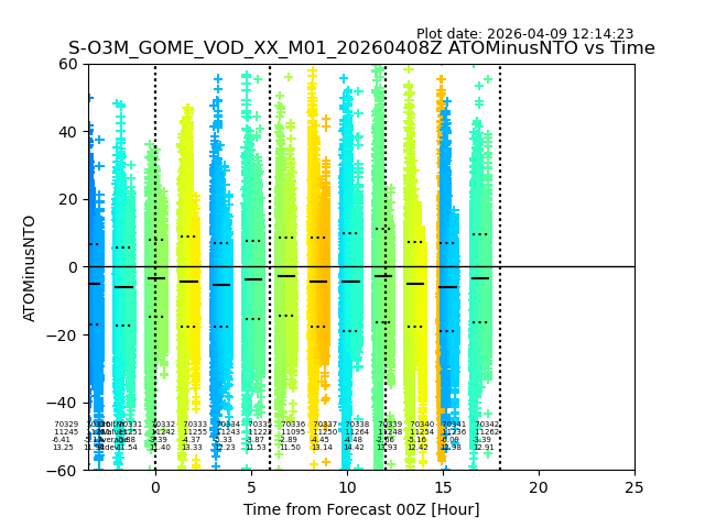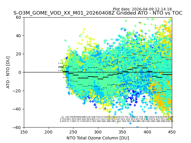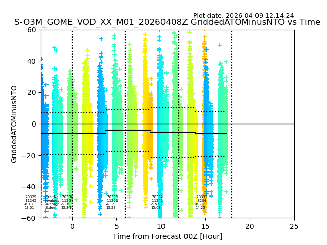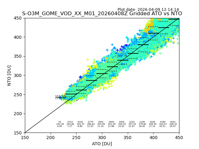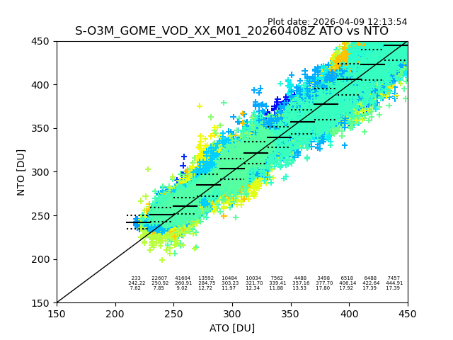 Using these forecast fields, the actual measured NTO/O3 from T=0 to T+24h can be compared. The comparison can be between each individual NTO/O3 retrieval and the ATO value in the associated grid box, or between 'pre-gridded' NTO/O3 values and the ATO value. Both these comparisons are given.
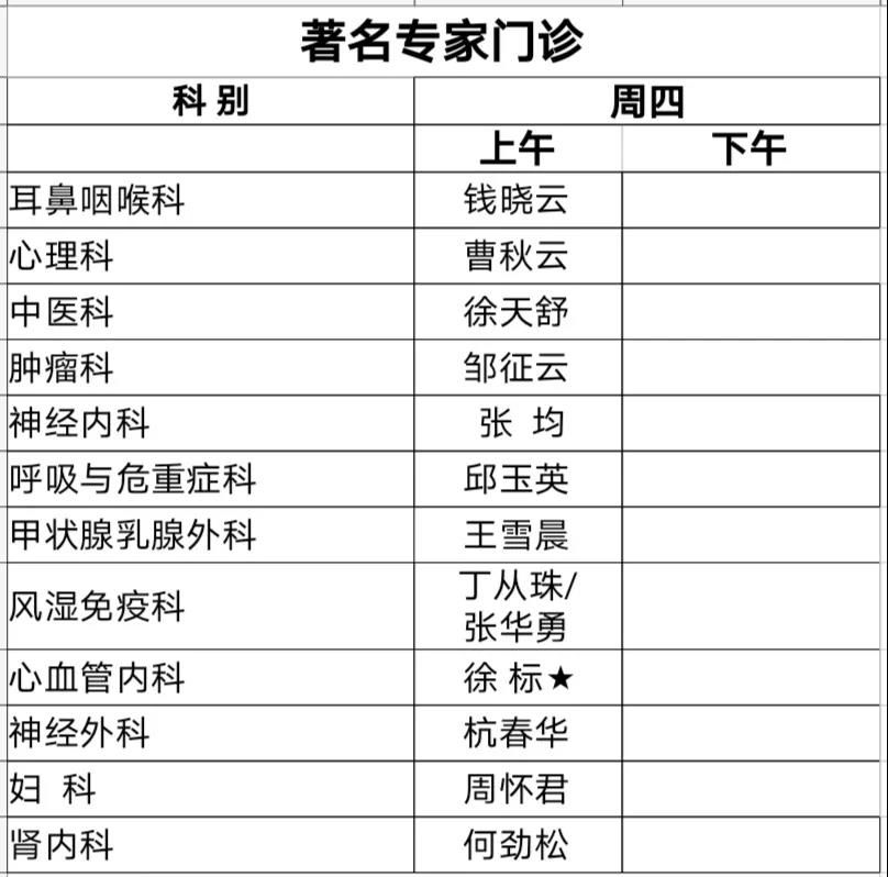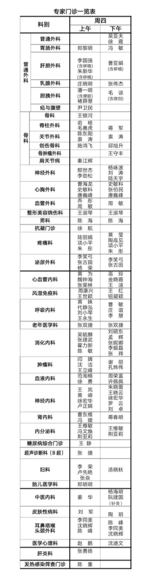 附2:南京鼓楼医院江北国际医院7月22日(周四)江北院区专家门诊、著名专家门诊一览表
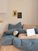 남매 점빵의 블루 그린 스트라이프 코튼 침구 커버 세트 4피스 상품입니다. 현재 가격은 125,000원입니다.
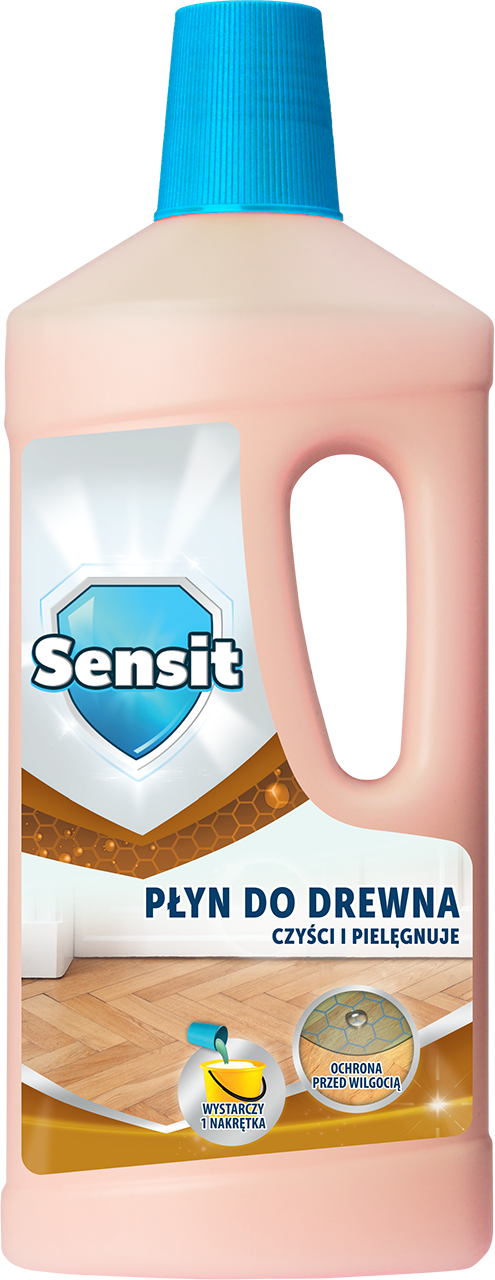Płyn do drewna marki Sensit przywraca drewnianej podłodze naturalny blask. Skutecznie usuwa nawet najtrudniejsze zabrudzenia z parkietów oraz paneli drewnianych. Zawiera naturalny wosk i olejek awokado, dzięki czemu tworząc warstwę hydrofobową, pielęgnuje i chroni czyszczoną powierzchnię przed wilgocią.
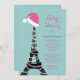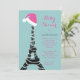 Convite Chá de fraldas de Torre Eiffel do inverno Turquesa
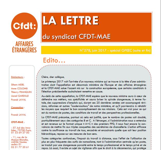 Découvrez ci-dessous, dans la « Lettre du syndicat CFDT-MAE » de ce mois de juin 2017 tout ce que vous vouliez savoir sur la GPEEC (gestion prévisionnelle des emplois, des effectifs et des compétences) des catégories A et des domaines politique, culturel, immeubles et logistique, presse !
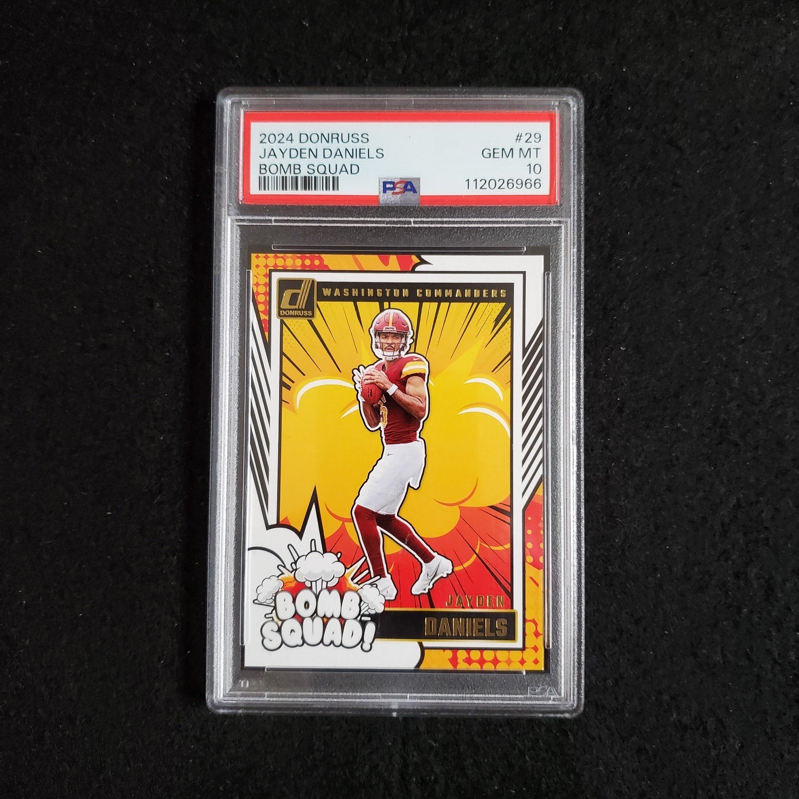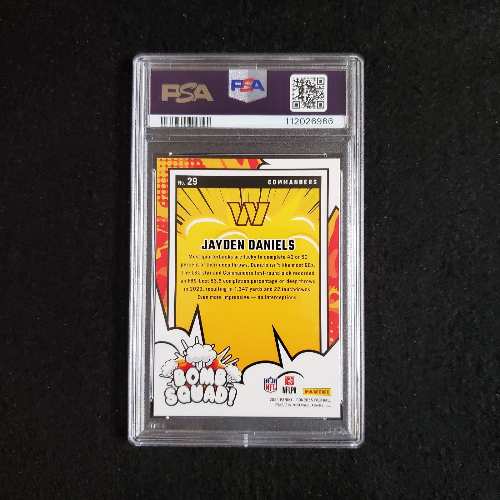 Step into the world of sports memorabilia with the 2024 Jayden Daniels Panini Donruss Rookie Bomb Squad Insert. This trading card is a must-have for enthusiasts and collectors alike, featuring the promising talent of Jayden Daniels, the Washington Commanders’ emerging star. The Rookie Bomb Squad Insert captures the essence of the athlete’s potential and is a testament to his growing legacy in the National Football League.
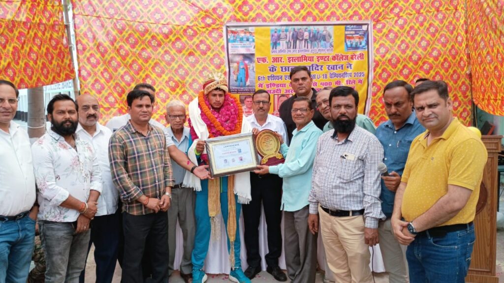 बरेली । 6 वी अंडर 18 चैंपियनशिप एशियन गेम प्रतियोगिता जो की दम्माम सऊदी अरब में संपन्न हुई जिसमें 400 मीटर रिले में रिकॉर्ड बनाते हुए सिल्वर मेडल जीतने पर विद्यालय एफ आर इस्लामिया इंटर कॉलेज बरेली ने अपने छात्र कादिर खान का भव्य स्वागत किया। छात्र के अभिनंदन हेतु एक कार्यक्रम का आयोजन किया जिसके अध्यक्ष प्रबंध समिति के अध्यक्ष नफीस अंसारी एडवोकेट रहे और प्रबंधक सैयद कमल अली साहब मुख्य अतिथि रहे एवं उप प्रबंधक हसीन हुसैन उपाध्यक्ष सरफराज अली खान चौधरी असलम मियां कोषाध्यक्ष शहजाद अहमद खान इस अफसर पर राजकीय इंटर कॉलेज के प्रधानाचार्य ओम प्रकाश राजभर विद्यालय के खेलकूद एवं अनुशासन अत्यधिक विद्यालय की तारीफ की और पदक विजेता छात्र को बहुत ही बधाई दी और इस्लामिया इंटर कॉलेज के प्रवक्ता शारीरिक शिक्षक कीड़ा प्रभारी शाहिद रज़ा ने कादिर खान को खेल वाले जूते शील्ड व सम्मान पत्र प्रदान किया प्रबंधक सैयद कमर अली एवं उपाध्यक्ष सरफराज वली खान नगद पुरस्कार भी दिया। कार्यक्रम में आने वाले जिला सचिव एथलेटिक्स गजेंद्र तोमर आदेश यादव व्यायाम शिक्षक गुरु गोविंद सिंह मीरा गंगवार रिकी सिंह इण्टर कॉलेज प्रणय कुमार राजकीय इंटर कॉलेज केपी सिंह भदोरिया प्रबंधक गैनी इंटर कॉलेज की उपस्थिति रही इस क्रम में विद्यालय के सभी शिक्षकों का भी विशेष योगदान रहा जिसमें टी एच खान मेजर मुशाहिद रज़ा खान शाहबाज राहिल खान कमाल मुस्तफा डॉक्टर इमरान आलम अशफाक अली सरफराज मुताहिर अली ने भी पदक विजेता का सम्मान किया विद्यालय के प्रधानाचार्य तौकीर सिद्दीकी ने सभी का आभार व्यक्त किया तथा कार्यक्रम का संचालन बृजेश कुमार शर्मा ने किया ।
______
WORK INSTRUCTIONS ▸
Repeat the listing above up to and including the line with "附2:南京鼓楼医院江北国际医", starting from its first line. Drop any pictures.

RESPONSE ▸
 Using these forecast fields, the actual measured NTO/O3 from T=0 to T+24h can be compared. The comparison can be between each individual NTO/O3 retrieval and the ATO value in the associated grid box, or between 'pre-gridded' NTO/O3 values and the ATO value. Both these comparisons are given.
 附2:南京鼓楼医院江北国际医院7月22日(周四)江北院区专家门诊、著名专家门诊一览表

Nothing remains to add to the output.